» **WHAT THIS TASK INVOLVES**: This exercise asks for an exact copy of every entry below, with pictures omitted.

» **EXTRACTED ENTRIES**:
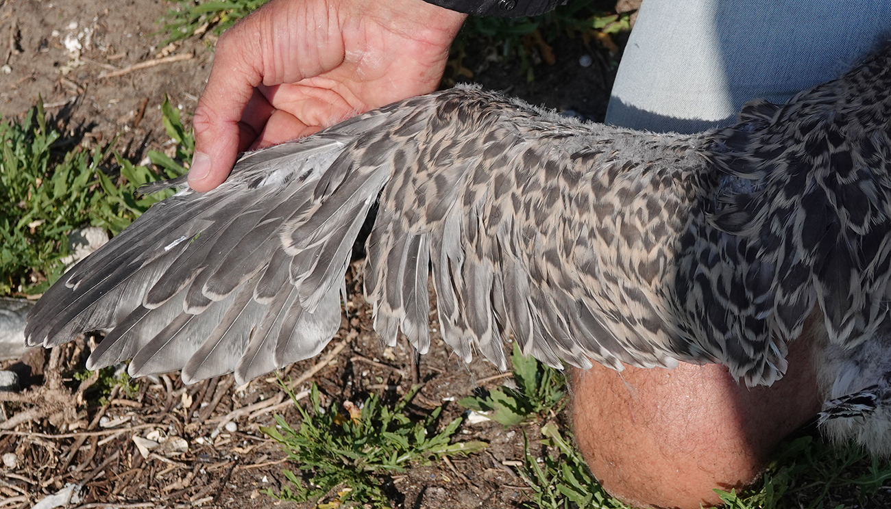 below: Herring Gull (argenteus) Y.FLC 1CY, July 29 2025, IJmuiden, the Netherlands. Picture: Mars Muusse.
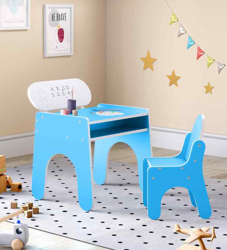 Looking for a perfect study desk and chair set for your growing toddler? Look no further than the Alex Daisy TOM Study Desk and Chair Set. This classic combo is designed to provide young learners with a comfortable place to study, play, and create while also offering learning opportunities. The desk has a storage compartment for keeping writing supplies and accessories. It also has a reversible whiteboard and green chalkboard for your child s endless creativity. To add more, white board marker, duster and chalks come free. The desktop stands at 21 and is designed to be the perfect height for young kids, giving them easy access to all kinds of hands-on activities. This easy-to-assemble study desk and chair combo is built to last and will offer strength, compact size, and hard-wearing performance for many years of enjoyment. At Alex Daisy, we aim to make safe and high-quality children's furniture affordable for all families. We understand that safety is the most important factor when it comes to your child's space. That's why all Alex Daisy children's products are made with long-lasting materials to ensure they can withstand years of jumping and playing, instilling resilience and durability. Additionally, they are rigorously tested to meet or exceed all industry safety standards, providing peace of mind for parents. The product's surface is scratch-resistant PVC lamination in everlasting colours, and there is no paint used in the product's construction, promoting sustainability and eco-friendliness. A STURDY SOLUTION FOR AT-HOME LEARNING: Give your young student the best chances for academic success with a dedicated workstation designed for studying, writing, drawing, computing, playing & more. Recommended for Boys & Girls Aged 3 to 12 years. DRAWING BOARD: It also has a reversible whiteboard and green chalkboard for your child s endless creativity. To add more, whiteboard markers, a duster, and chalk come FREE. BIG SPACE: Teach your child to keep their room neat, clean, and organized with the desk's built-in storage. The desk compartment is perfect for concealing pens, pencils, markers, crayons, and erasers. The spacious workstation provides plenty of room for a tablet, laptop, colouring book, puzzle, game, or toy. EXTREMELY SAFE: We know chemicals have no place in your kid's space, so we have used no paint on the product. The product's surface is a scratch-resistant PVC lamination in everlasting colours. There are no sharp edges and all the corners have been rounded. IDEAL SIZE: The desktop height is 21 inches and features a large work surface, making it the perfect place for young kids to develop their fine motor skills as they draw, paint, and write. DURABLE: Made of strong engineered wood with scratch-resistant PVC lamination. The joinery is steel Allen bolts, so there is no chance of parts getting loose. Moreover, the chair comes with plastic buffers to prevent any scratches on your floor and make it easy to move around. Quality-engineered wood boosts the bearing capacity, giving kids a stable surface to work as they grow. QUICK SERVICE SUPPORT: This is a DIY (Do It Yourself) product. It comes with an instruction booklet on how to assemble the table and chair, as well as a video link for visual assistance. Alternatively, if you require a technician to assemble it, you can contact Alex Daisy's service support for a fee. Alex Daisy's service support can be connected via WhatsApp at 98739-92500. We are always happy to help you.
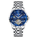 POEDAGAR 1415 Men’s Luxury Skeleton Tourbillon Automatic Watch – Stainless Steel Waterproof Mechanical Wristwatch with Luminous Hands & Gift Box | Best Automatic Watches Under $1000
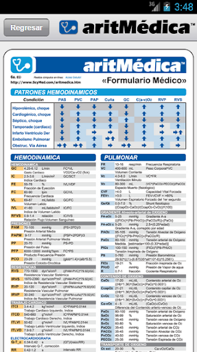 La aritMédica™ App incluye medicinas, dosis, fórmulas, ecuaciones y valores normales para una serie de parámetros hemodinámicos, pulmonares, renales, de nutrición, etc.
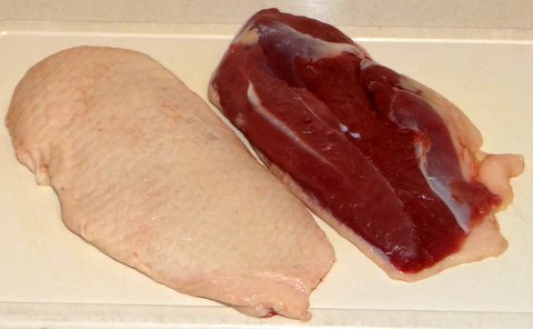 I finished cooking the duck breasts sous-vide, sealed together in a single pouch. I cooked them for 3 hours at 55C/131F for medium rare.
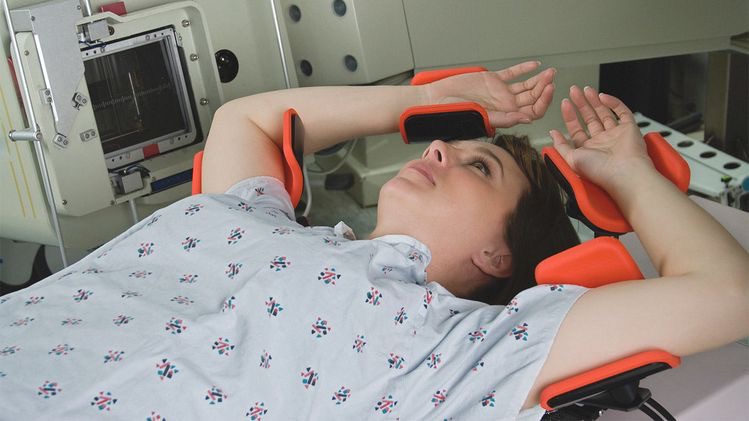 I lay on the table with my left arm up and my head tilted right and the techs line my tattoos up to red and green light markers that shine down from the ceiling. The table I lay on moves up and down and front to back. If I’m off from side to side, then they slowly pull the sheet under me while reminding me not to help. Everything is adjusted in millimeters. Once I’m lined up, I have to take a deep breath in and hold it so they can take a computer snapshot for reference. Then they leave the room. The machine arm above me moves slightly to the right and I can hear and see the screen adjusting for the beam. Soon I can hear the nurse telling me to take a deep breath and hold it, and the machine turns on. There is no light, only sound and it lasts 20-25 seconds. When the sound stops, I know I can breathe again before they tell me I can.
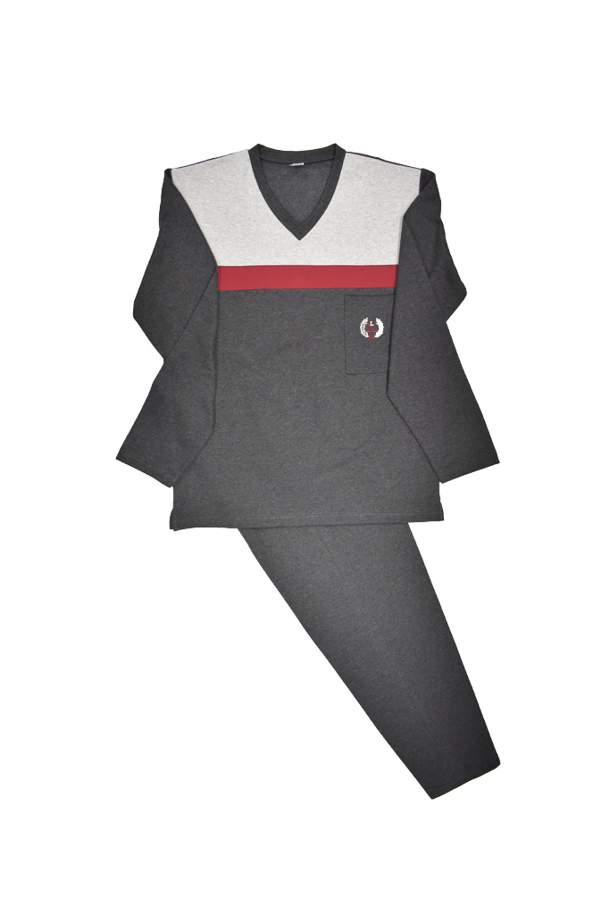 Αντρική πυτζάμα βαμβακερή με επένδυση , σε χρώμα γκρι σκούρο σχέδιο στο μπροστινό μέρος της μπλούζα. Mε μακρύ μανίκι και λαιμόκοψη σε V. Ελληνικής εταιρείας (LION), άριστης ποιότητας. Σύνθεση βαμβάκι 100%.
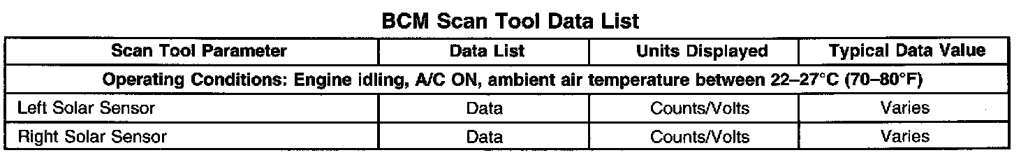 BCM Scan Tool Data List:
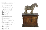 The urn has brass handles and wreath shaped decorations. Horse statue is made from cold caste bronze .
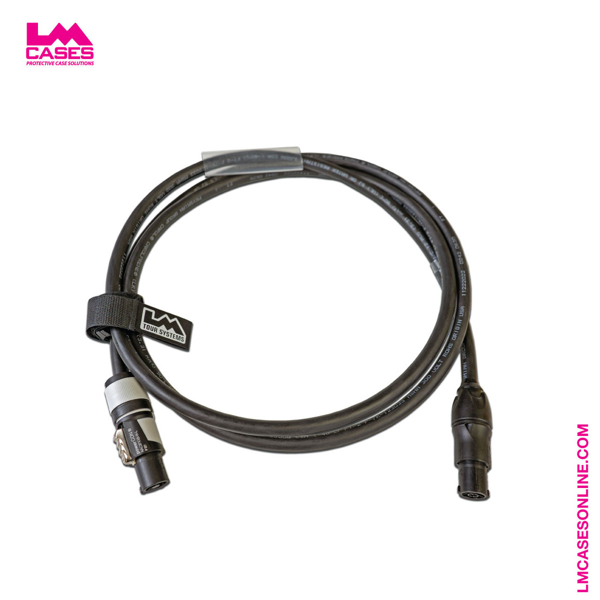 This heavy-duty, custom-built cable is designed for portable and installed applications. Your cable is built per order to the length of your choosing. The cable is built from HD 12awg 3 conductor SO cable. Each end is terminated with a Neutrik NAC3FPX-W-TOP and NAC3FXXB-W-L connector. Also included is custom heat shrink label with the text of your choosing. The cable includes a 4.5” clear heat shrink piece for additional labels and a LM Tour Systems branded Rip Tie Velcro cable tie.
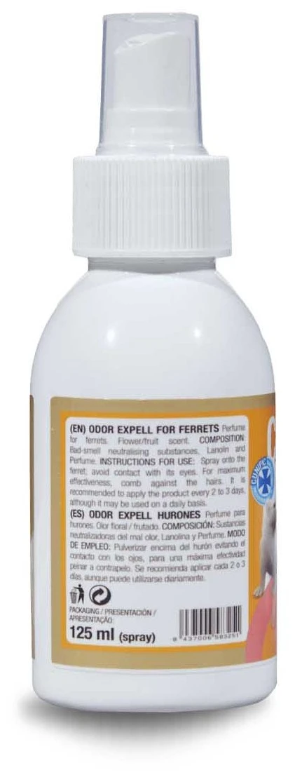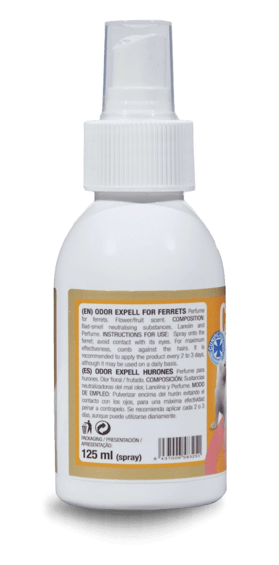 Perfume especial para hurones con aroma floral/afrutado adecuado para acabar con el olor desagradable del hurón. Envase de 125 ml con pulverizador.
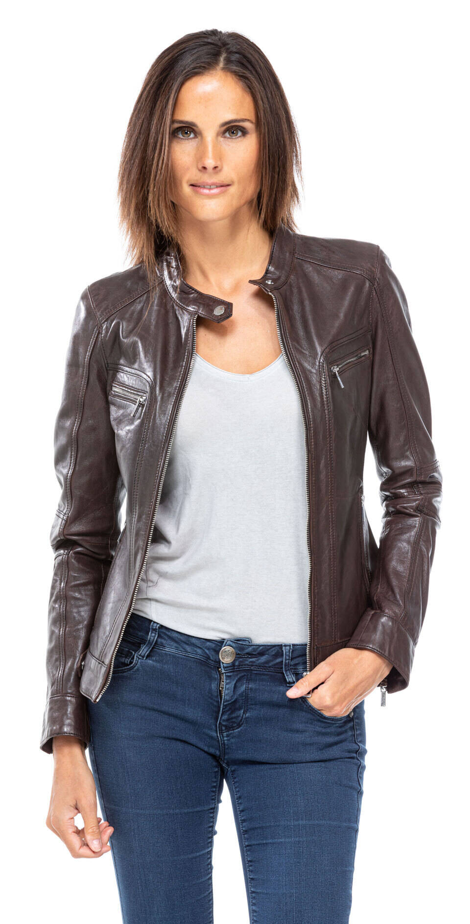 Blouson En Cuir Marron Pour Femme Avec Col Mao
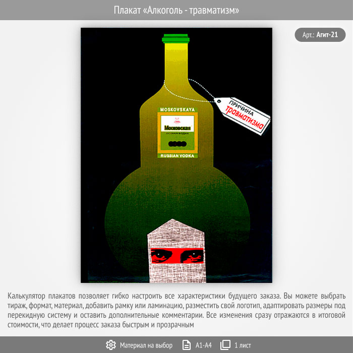 Плакат «Алкоголь - травматизм» (Агит-21, 1 лист) в Ачинске купить
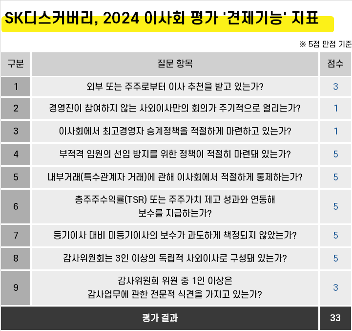 구체적으로 지난해 4월과 7월 신임 사외이사 1인을 대상으로 두 차례 임시 회의를 열었다. 회의 내용은 '거버넌스와 사외이사의 역할'과 '경영시스템으로서의 이사회 평가'에 대한 것이었다. 다만 회의 개최 횟수가 4회 미만으로 낮은 점수를 받았다. 또 SK디스커버리는 CEO 승계정책을 명문화해 운영하지 않고 있어 감점 요인으로 작용했다.
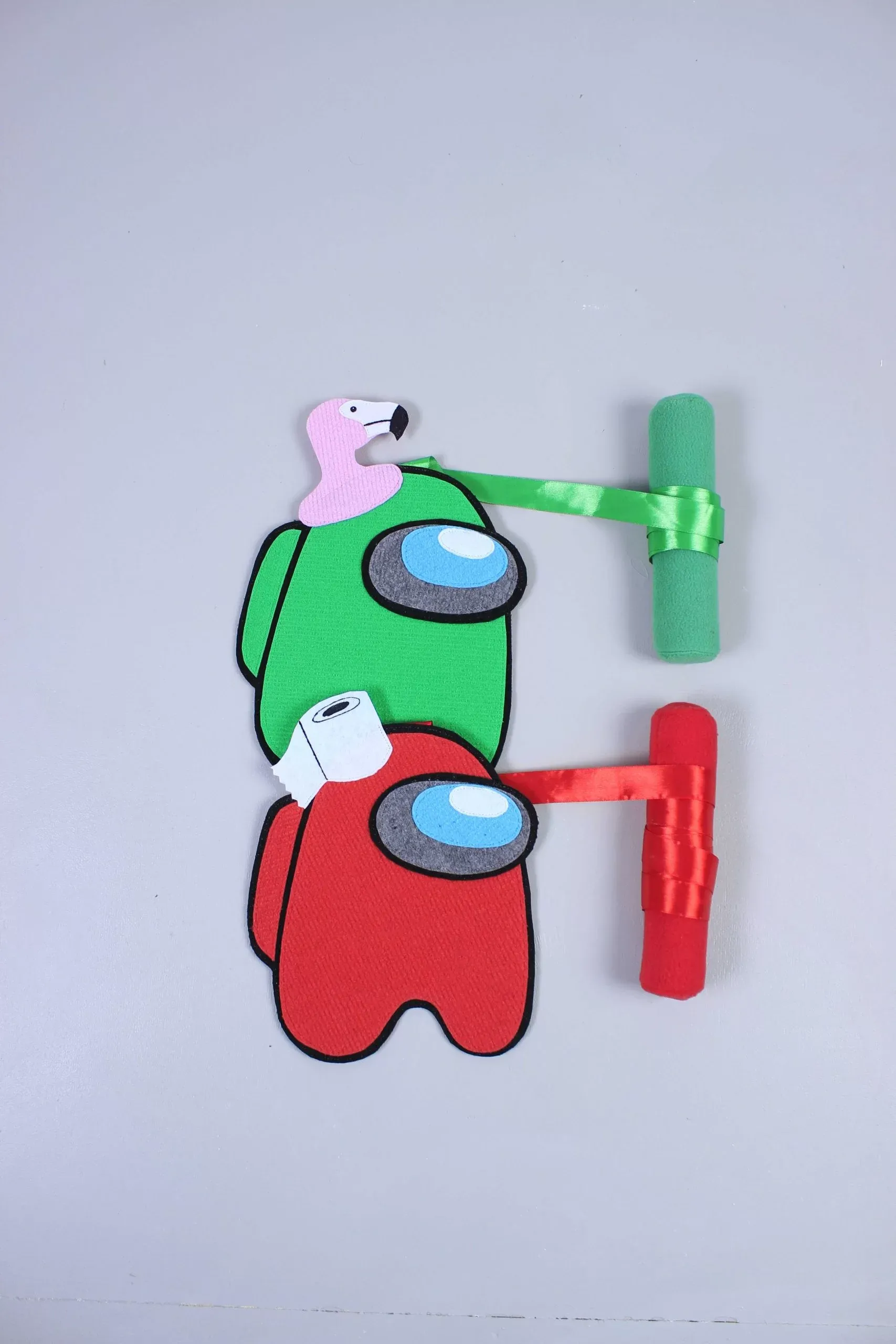 В комплекте 2 амонга-моталки – зеленый с розовым фламинго на голове и красный с туалетной бумагой.

» **RESULT OF THE TASK**:
 below: Herring Gull (argenteus) Y.FLC 1CY, July 29 2025, IJmuiden, the Netherlands. Picture: Mars Muusse.
 Looking for a perfect study desk and chair set for your growing toddler? Look no further than the Alex Daisy TOM Study Desk and Chair Set. This classic combo is designed to provide young learners with a comfortable place to study, play, and create while also offering learning opportunities. The desk has a storage compartment for keeping writing supplies and accessories. It also has a reversible whiteboard and green chalkboard for your child s endless creativity. To add more, white board marker, duster and chalks come free. The desktop stands at 21 and is designed to be the perfect height for young kids, giving them easy access to all kinds of hands-on activities. This easy-to-assemble study desk and chair combo is built to last and will offer strength, compact size, and hard-wearing performance for many years of enjoyment. At Alex Daisy, we aim to make safe and high-quality children's furniture affordable for all families. We understand that safety is the most important factor when it comes to your child's space. That's why all Alex Daisy children's products are made with long-lasting materials to ensure they can withstand years of jumping and playing, instilling resilience and durability. Additionally, they are rigorously tested to meet or exceed all industry safety standards, providing peace of mind for parents. The product's surface is scratch-resistant PVC lamination in everlasting colours, and there is no paint used in the product's construction, promoting sustainability and eco-friendliness. A STURDY SOLUTION FOR AT-HOME LEARNING: Give your young student the best chances for academic success with a dedicated workstation designed for studying, writing, drawing, computing, playing & more. Recommended for Boys & Girls Aged 3 to 12 years. DRAWING BOARD: It also has a reversible whiteboard and green chalkboard for your child s endless creativity. To add more, whiteboard markers, a duster, and chalk come FREE. BIG SPACE: Teach your child to keep their room neat, clean, and organized with the desk's built-in storage. The desk compartment is perfect for concealing pens, pencils, markers, crayons, and erasers. The spacious workstation provides plenty of room for a tablet, laptop, colouring book, puzzle, game, or toy. EXTREMELY SAFE: We know chemicals have no place in your kid's space, so we have used no paint on the product. The product's surface is a scratch-resistant PVC lamination in everlasting colours. There are no sharp edges and all the corners have been rounded. IDEAL SIZE: The desktop height is 21 inches and features a large work surface, making it the perfect place for young kids to develop their fine motor skills as they draw, paint, and write. DURABLE: Made of strong engineered wood with scratch-resistant PVC lamination. The joinery is steel Allen bolts, so there is no chance of parts getting loose. Moreover, the chair comes with plastic buffers to prevent any scratches on your floor and make it easy to move around. Quality-engineered wood boosts the bearing capacity, giving kids a stable surface to work as they grow. QUICK SERVICE SUPPORT: This is a DIY (Do It Yourself) product. It comes with an instruction booklet on how to assemble the table and chair, as well as a video link for visual assistance. Alternatively, if you require a technician to assemble it, you can contact Alex Daisy's service support for a fee. Alex Daisy's service support can be connected via WhatsApp at 98739-92500. We are always happy to help you.
 POEDAGAR 1415 Men’s Luxury Skeleton Tourbillon Automatic Watch – Stainless Steel Waterproof Mechanical Wristwatch with Luminous Hands & Gift Box | Best Automatic Watches Under $1000
 La aritMédica™ App incluye medicinas, dosis, fórmulas, ecuaciones y valores normales para una serie de parámetros hemodinámicos, pulmonares, renales, de nutrición, etc.
 I finished cooking the duck breasts sous-vide, sealed together in a single pouch. I cooked them for 3 hours at 55C/131F for medium rare.
 I lay on the table with my left arm up and my head tilted right and the techs line my tattoos up to red and green light markers that shine down from the ceiling. The table I lay on moves up and down and front to back. If I’m off from side to side, then they slowly pull the sheet under me while reminding me not to help. Everything is adjusted in millimeters. Once I’m lined up, I have to take a deep breath in and hold it so they can take a computer snapshot for reference. Then they leave the room. The machine arm above me moves slightly to the right and I can hear and see the screen adjusting for the beam. Soon I can hear the nurse telling me to take a deep breath and hold it, and the machine turns on. There is no light, only sound and it lasts 20-25 seconds. When the sound stops, I know I can breathe again before they tell me I can.
 Αντρική πυτζάμα βαμβακερή με επένδυση , σε χρώμα γκρι σκούρο σχέδιο στο μπροστινό μέρος της μπλούζα. Mε μακρύ μανίκι και λαιμόκοψη σε V. Ελληνικής εταιρείας (LION), άριστης ποιότητας. Σύνθεση βαμβάκι 100%.
 BCM Scan Tool Data List:
 The urn has brass handles and wreath shaped decorations. Horse statue is made from cold caste bronze .
 This heavy-duty, custom-built cable is designed for portable and installed applications. Your cable is built per order to the length of your choosing. The cable is built from HD 12awg 3 conductor SO cable. Each end is terminated with a Neutrik NAC3FPX-W-TOP and NAC3FXXB-W-L connector. Also included is custom heat shrink label with the text of your choosing. The cable includes a 4.5” clear heat shrink piece for additional labels and a LM Tour Systems branded Rip Tie Velcro cable tie.
 Perfume especial para hurones con aroma floral/afrutado adecuado para acabar con el olor desagradable del hurón. Envase de 125 ml con pulverizador.
 Blouson En Cuir Marron Pour Femme Avec Col Mao
 Плакат «Алкоголь - травматизм» (Агит-21, 1 лист) в Ачинске купить
 구체적으로 지난해 4월과 7월 신임 사외이사 1인을 대상으로 두 차례 임시 회의를 열었다. 회의 내용은 '거버넌스와 사외이사의 역할'과 '경영시스템으로서의 이사회 평가'에 대한 것이었다. 다만 회의 개최 횟수가 4회 미만으로 낮은 점수를 받았다. 또 SK디스커버리는 CEO 승계정책을 명문화해 운영하지 않고 있어 감점 요인으로 작용했다.
 В комплекте 2 амонга-моталки – зеленый с розовым фламинго на голове и красный с туалетной бумагой.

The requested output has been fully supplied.